● Work request:
Leave out the pictures and transcribe the rest of the records exactly.

● Supplied data:
◇ ◇ ◇ ◇ ◇
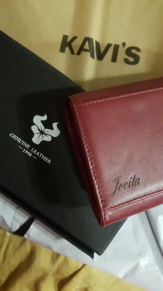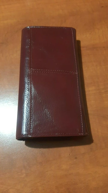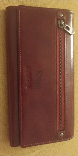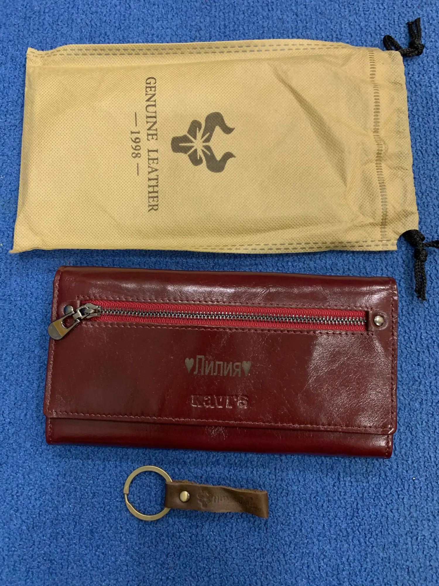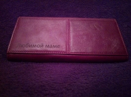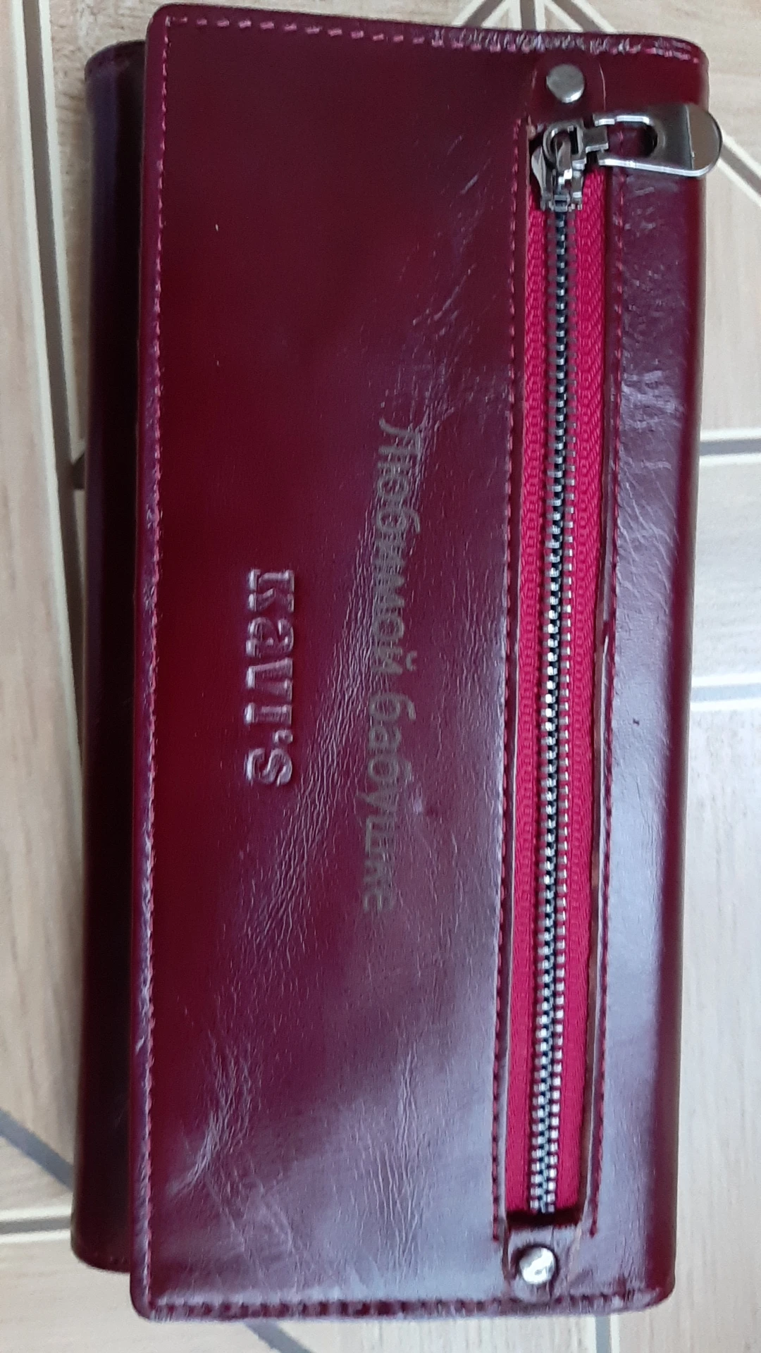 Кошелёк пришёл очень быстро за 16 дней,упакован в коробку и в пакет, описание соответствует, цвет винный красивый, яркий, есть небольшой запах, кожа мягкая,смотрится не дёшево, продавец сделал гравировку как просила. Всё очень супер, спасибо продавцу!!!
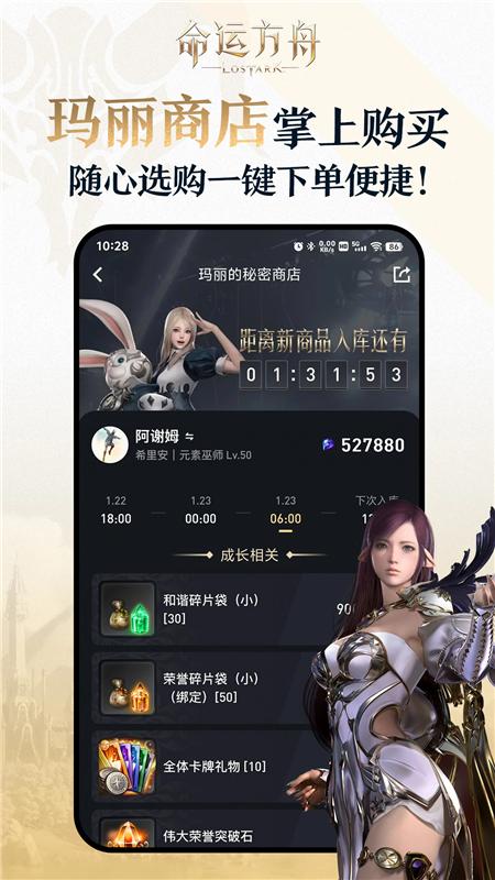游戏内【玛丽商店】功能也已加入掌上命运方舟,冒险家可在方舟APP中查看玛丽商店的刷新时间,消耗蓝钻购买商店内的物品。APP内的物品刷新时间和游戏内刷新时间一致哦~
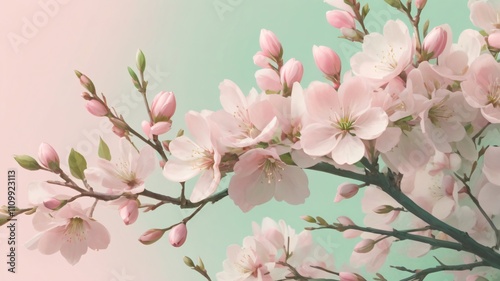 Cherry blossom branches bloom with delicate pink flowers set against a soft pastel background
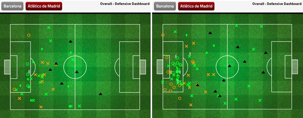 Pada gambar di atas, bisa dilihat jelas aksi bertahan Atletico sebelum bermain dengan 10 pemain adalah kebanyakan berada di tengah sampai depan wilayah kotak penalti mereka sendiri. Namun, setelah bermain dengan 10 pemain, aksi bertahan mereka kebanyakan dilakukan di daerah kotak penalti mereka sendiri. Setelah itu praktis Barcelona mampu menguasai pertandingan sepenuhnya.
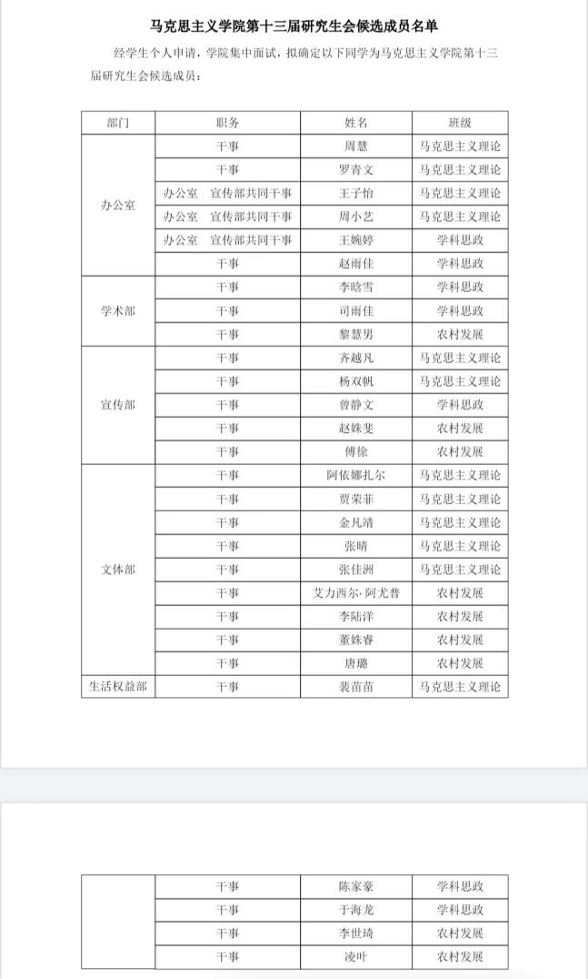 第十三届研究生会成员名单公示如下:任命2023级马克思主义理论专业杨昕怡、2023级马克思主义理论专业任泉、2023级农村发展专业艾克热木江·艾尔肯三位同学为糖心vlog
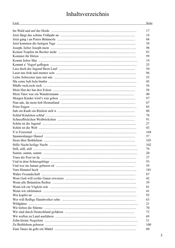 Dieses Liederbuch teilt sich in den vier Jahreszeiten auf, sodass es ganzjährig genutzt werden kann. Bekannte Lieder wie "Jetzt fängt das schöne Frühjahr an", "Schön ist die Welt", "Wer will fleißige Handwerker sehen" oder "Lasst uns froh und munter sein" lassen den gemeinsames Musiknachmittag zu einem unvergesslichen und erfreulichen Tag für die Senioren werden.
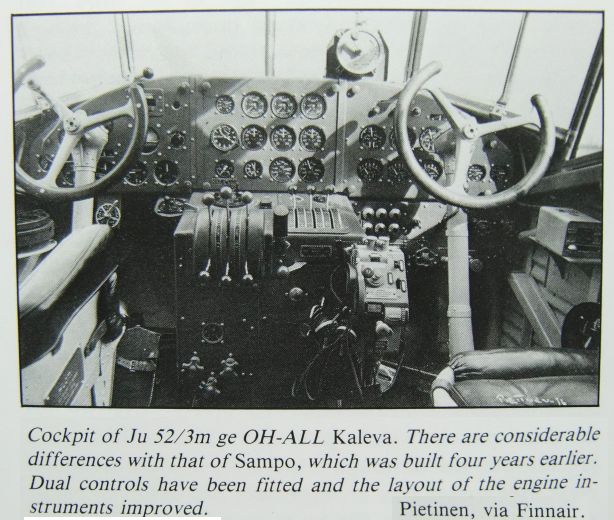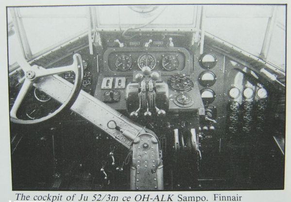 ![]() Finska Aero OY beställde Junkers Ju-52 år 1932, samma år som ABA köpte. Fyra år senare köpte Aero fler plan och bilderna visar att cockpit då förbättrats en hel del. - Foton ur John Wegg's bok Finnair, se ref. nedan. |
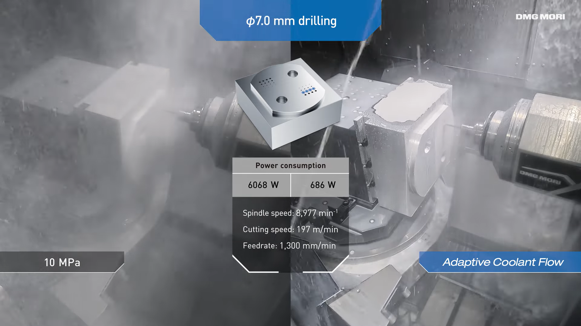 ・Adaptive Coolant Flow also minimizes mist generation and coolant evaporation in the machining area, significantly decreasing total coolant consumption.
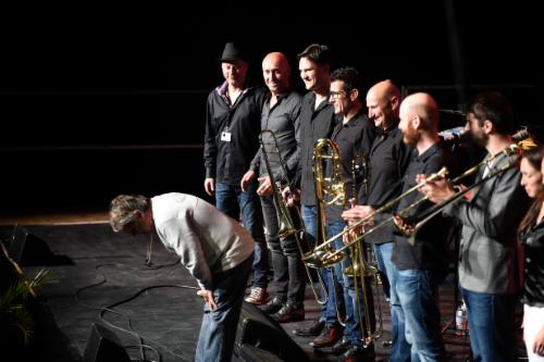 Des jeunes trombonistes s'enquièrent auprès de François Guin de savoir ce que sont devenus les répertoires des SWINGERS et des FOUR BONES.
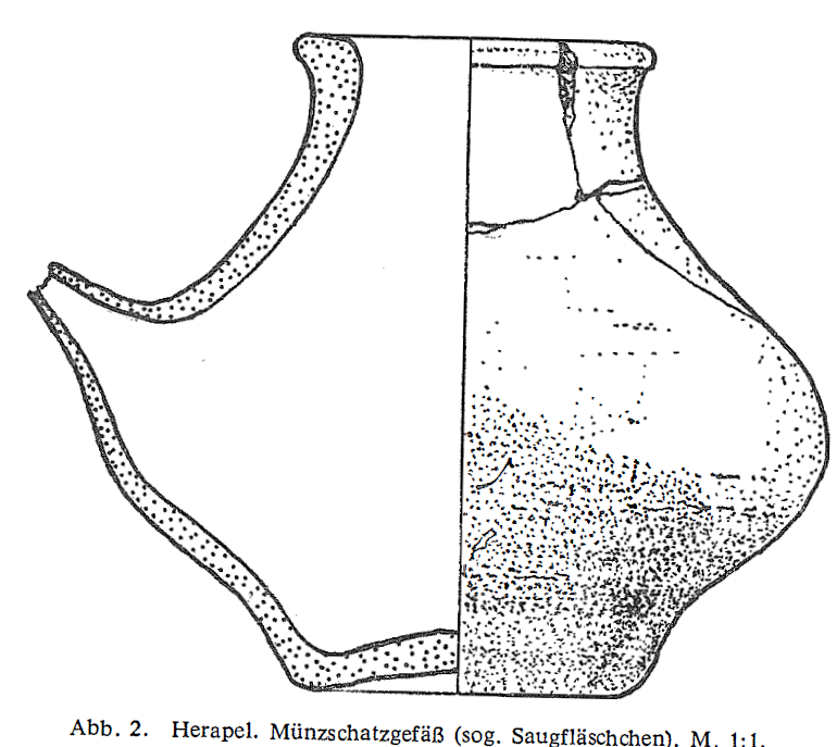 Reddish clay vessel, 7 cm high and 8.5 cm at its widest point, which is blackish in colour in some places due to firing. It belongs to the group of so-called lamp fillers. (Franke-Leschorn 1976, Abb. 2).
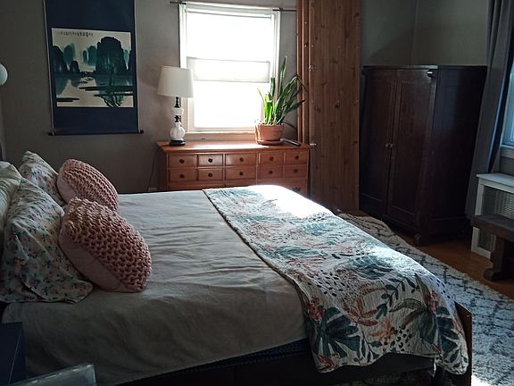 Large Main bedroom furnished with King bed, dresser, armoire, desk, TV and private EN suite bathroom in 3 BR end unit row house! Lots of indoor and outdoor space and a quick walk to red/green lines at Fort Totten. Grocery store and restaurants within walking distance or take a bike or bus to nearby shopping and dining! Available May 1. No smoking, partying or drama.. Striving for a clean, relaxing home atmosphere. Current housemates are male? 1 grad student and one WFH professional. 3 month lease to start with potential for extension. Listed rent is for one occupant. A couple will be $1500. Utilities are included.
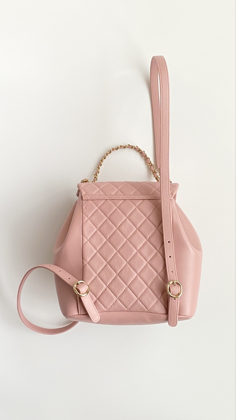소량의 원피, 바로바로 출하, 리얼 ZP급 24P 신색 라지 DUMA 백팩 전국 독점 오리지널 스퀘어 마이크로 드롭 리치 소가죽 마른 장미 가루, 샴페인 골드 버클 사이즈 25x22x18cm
◇ ◇ ◇ ◇ ◇
● Your solution:
 Кошелёк пришёл очень быстро за 16 дней,упакован в коробку и в пакет, описание соответствует, цвет винный красивый, яркий, есть небольшой запах, кожа мягкая,смотрится не дёшево, продавец сделал гравировку как просила. Всё очень супер, спасибо продавцу!!!
游戏内【玛丽商店】功能也已加入掌上命运方舟,冒险家可在方舟APP中查看玛丽商店的刷新时间,消耗蓝钻购买商店内的物品。APP内的物品刷新时间和游戏内刷新时间一致哦~
 Cherry blossom branches bloom with delicate pink flowers set against a soft pastel background
 Pada gambar di atas, bisa dilihat jelas aksi bertahan Atletico sebelum bermain dengan 10 pemain adalah kebanyakan berada di tengah sampai depan wilayah kotak penalti mereka sendiri. Namun, setelah bermain dengan 10 pemain, aksi bertahan mereka kebanyakan dilakukan di daerah kotak penalti mereka sendiri. Setelah itu praktis Barcelona mampu menguasai pertandingan sepenuhnya.
 第十三届研究生会成员名单公示如下:任命2023级马克思主义理论专业杨昕怡、2023级马克思主义理论专业任泉、2023级农村发展专业艾克热木江·艾尔肯三位同学为糖心vlog
 Dieses Liederbuch teilt sich in den vier Jahreszeiten auf, sodass es ganzjährig genutzt werden kann. Bekannte Lieder wie "Jetzt fängt das schöne Frühjahr an", "Schön ist die Welt", "Wer will fleißige Handwerker sehen" oder "Lasst uns froh und munter sein" lassen den gemeinsames Musiknachmittag zu einem unvergesslichen und erfreulichen Tag für die Senioren werden.
 ![]() Finska Aero OY beställde Junkers Ju-52 år 1932, samma år som ABA köpte. Fyra år senare köpte Aero fler plan och bilderna visar att cockpit då förbättrats en hel del. - Foton ur John Wegg's bok Finnair, se ref. nedan. |
 ・Adaptive Coolant Flow also minimizes mist generation and coolant evaporation in the machining area, significantly decreasing total coolant consumption.
 Des jeunes trombonistes s'enquièrent auprès de François Guin de savoir ce que sont devenus les répertoires des SWINGERS et des FOUR BONES.
 Reddish clay vessel, 7 cm high and 8.5 cm at its widest point, which is blackish in colour in some places due to firing. It belongs to the group of so-called lamp fillers. (Franke-Leschorn 1976, Abb. 2).
 Large Main bedroom furnished with King bed, dresser, armoire, desk, TV and private EN suite bathroom in 3 BR end unit row house! Lots of indoor and outdoor space and a quick walk to red/green lines at Fort Totten. Grocery store and restaurants within walking distance or take a bike or bus to nearby shopping and dining! Available May 1. No smoking, partying or drama.. Striving for a clean, relaxing home atmosphere. Current housemates are male? 1 grad student and one WFH professional. 3 month lease to start with potential for extension. Listed rent is for one occupant. A couple will be $1500. Utilities are included.
소량의 원피, 바로바로 출하, 리얼 ZP급 24P 신색 라지 DUMA 백팩 전국 독점 오리지널 스퀘어 마이크로 드롭 리치 소가죽 마른 장미 가루, 샴페인 골드 버클 사이즈 25x22x18cm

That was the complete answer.